Emily Van O’Linda, Vincenzo Buffalino and Jake Schneider, senior student athletes at Wantagh, Seaford and General Douglas MacArthur high schools, respectively, are faced with the possibility that they may have competed in their final high school events last year. While some sports are more likely to have a condensed 2021 season than others in the winter and spring, all three athletic standouts still hold out hope to play at the collegiate level next year.
Van O’Linda has been a leader of the Warriors girls’ volleyball team since she was an underclassman. In November 2018, as a sophomore, she played a key role in an astounding Class A state championship run by the Warriors. And the team’s focus last year, she said, was to replicate that season.
“We didn’t do as well as we wanted to last year,” Van O’Linda said. “Sophomore year we had won [the state championship], and maybe we had a weight on our shoulders when we went into the [county tournament], where we lost in the semifinals. We felt like this season would be a proving ground once again.”
Volleyball, along with most other fall sports, is tentatively scheduled to start on March 1 in Nassau County, after being postponed because of the coronavirus pandemic. As of press time, Section VIII of the New York State Public High School Athletic Association was standing by its plan to schedule a regular season’s worth of games in a more condensed time period.
Van O’Linda said that what she has missed most are daily practices with her friends and teammates. Speaking with the Herald last Friday, she said she had told herself not to look too far ahead, and that she was just hoping for the best. But college volleyball, she hopes, is a major part of her future.
“Its definitely harder for the recruiting process,” she said of the pandemic’s effects, because college recruiters and coaches now must rely on game tapes — and Van O’Linda’s homemade highlight mixes. “They can’t see the way I react to things as well through tape,” she said. “When I huddle with my teammates and the way I take charge when I have to and take responsibility, that’s something you see more in a live game.”
Like Van O’Linda, Seaford’s Vincenzo Buffalino is preparing both mentally and physically for his anticipated senior season of soccer. He has set both high individual and team goals for the shorter schedule.
“Individually, I want to be the leading goal or point scorer for my team, as well as always being there for my teammates on and off the field,” Buffalino said. “We want to be better than last year, and make it farther in the playoffs. Seaford isn’t really known for its soccer team, but we want to prove our worth.”
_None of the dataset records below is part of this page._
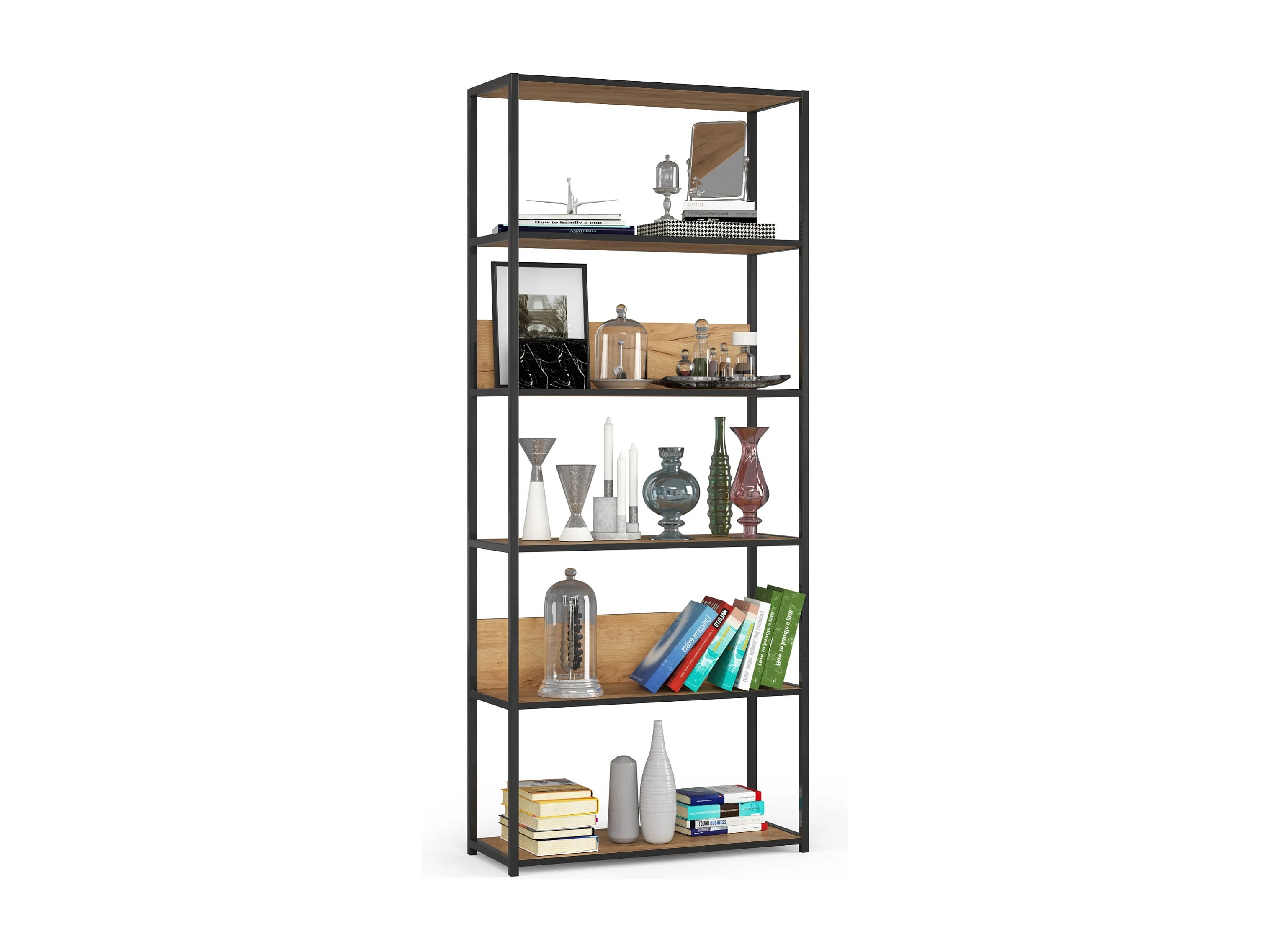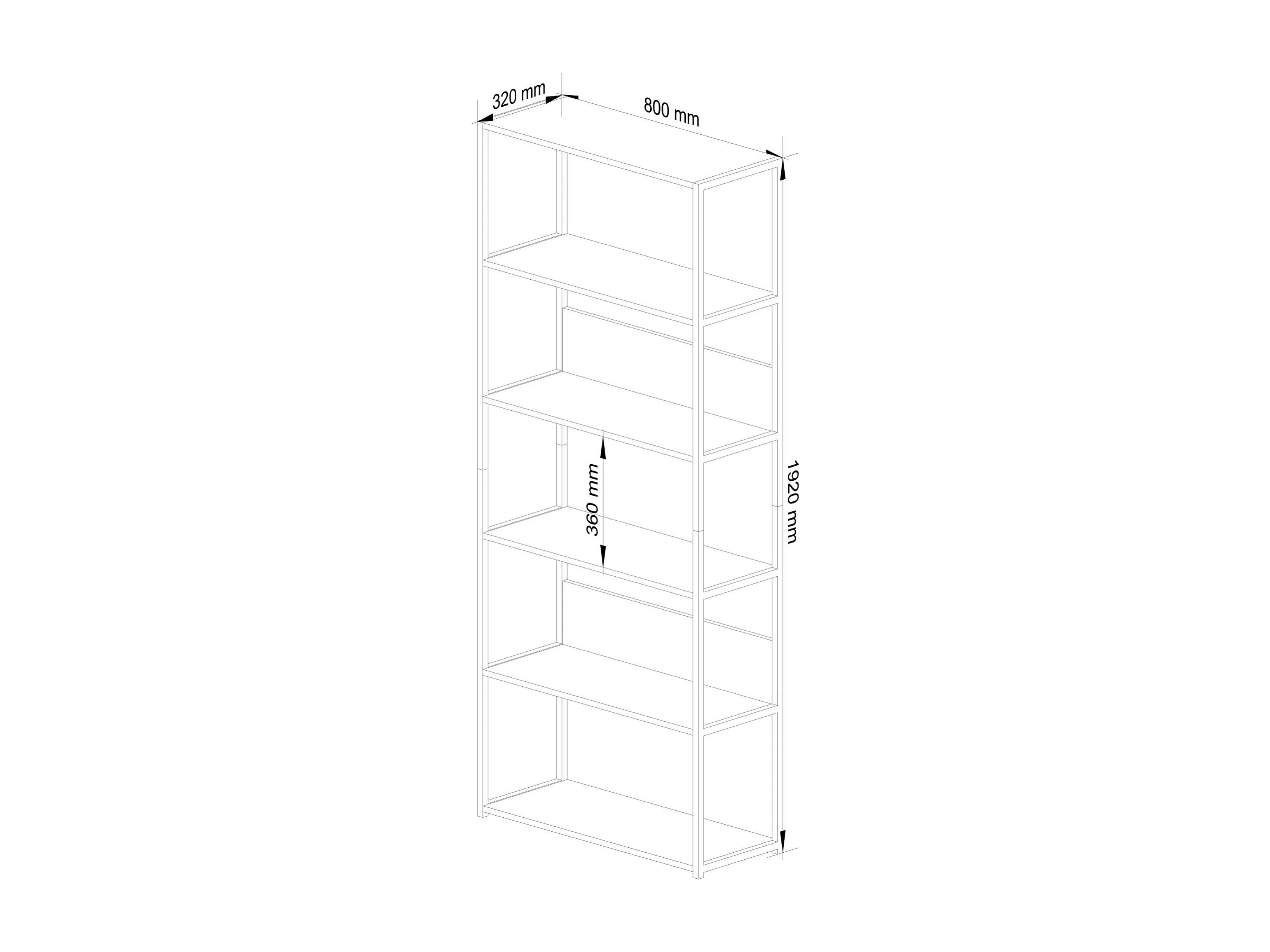Étagère murale industrielle sur pied AKORD Noire 80 cm façade Chêne Craft 6 étagères 80x32x192 cm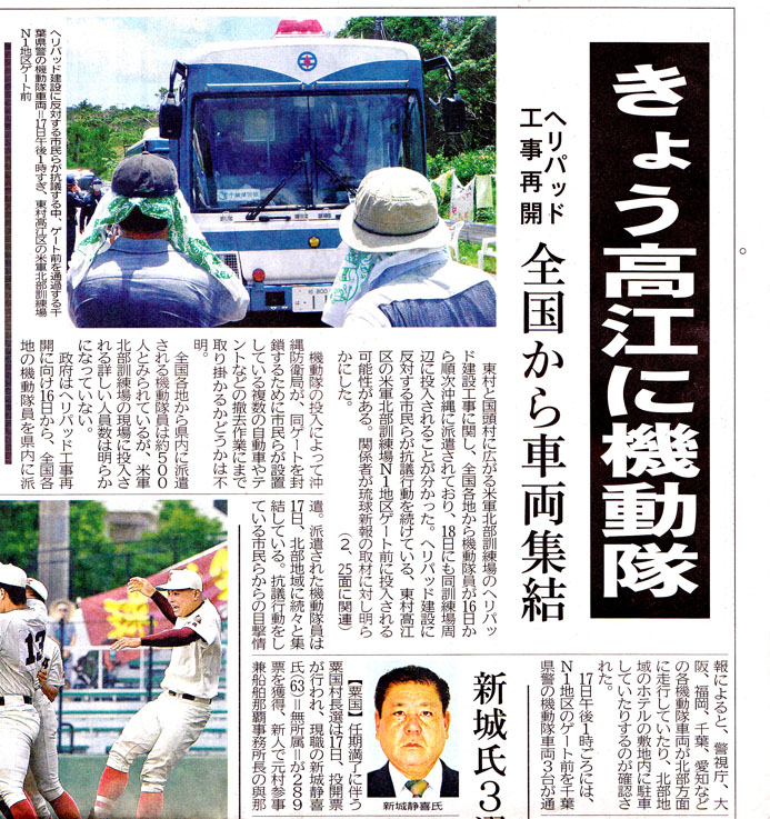 オスプレイのヘリパッド建設に反対して住民が座り込みを行っている東村の高江に機動隊を導入して、工事再開のための資材搬入を始めた。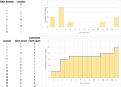 Figure 1 below shows the more traditional way of viewing a sample of 10 claims. Notice how in the second part of the figure we've ordered the claims by loss size and added the incremental and cumulative counts. So here x1 = 1, x2 = 2, ..., x15 = 15 and n1 = 2, n2 = 0, ..., n15 = 2, and n = n1 + ... + n15 = 10.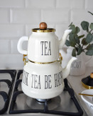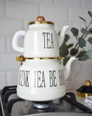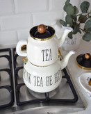 ست کتری و قوری لعابی تکست دار با حجم کتری 2/4و قوری 1لیتر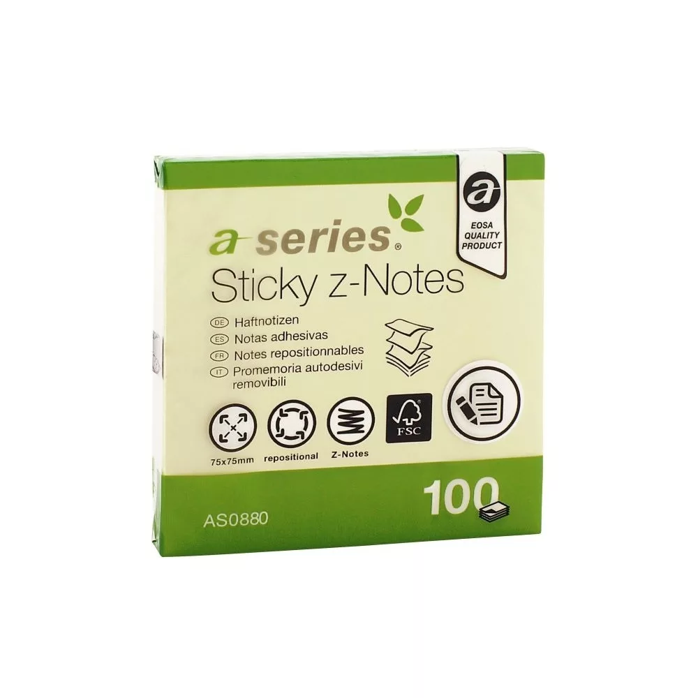 Jegyzettömb öntapadó, 75x75mm, 100lap, 'Z' A-Series, sárga kiváló választás mindennapi használatra. Megbízható, tartós és praktikus megoldás!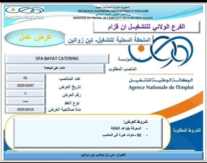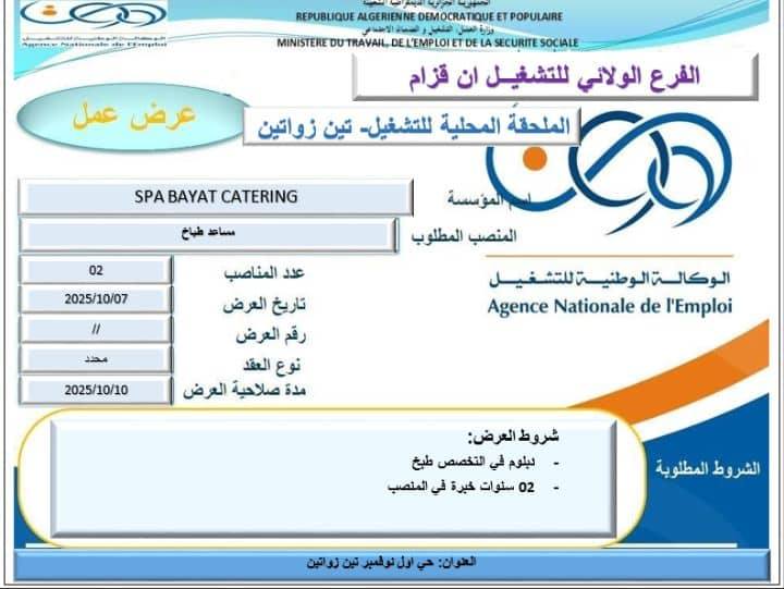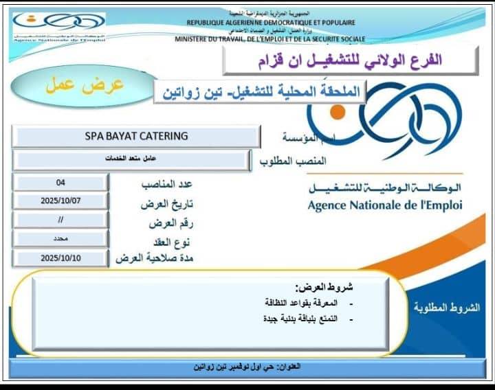 تعلن شركة الفندقة والاطعام بايت كاترينغ ان قزام تفتح مناصب عمل في الرتب التالية

Buffalino has been infatuated with the game since he was 4, he said. He trains year-round, but he acknowledged that this year presented many more challenges than years past. With gyms closed in early summer and group training harder to come by, he had to focus on individual work. He said he hoped to be fully prepared for a season in which he may have fewer recovery days than ever before.
“Usually we would play two games a week, and that would be tough,” he said. “Now, with the condensed schedule, we might have to play three and maybe even four a week.” Buffalino said he was more focused on getting back on the field than making a deep run in the playoffs, because even if the season starts without problems, he said, finishing it is no guarantee.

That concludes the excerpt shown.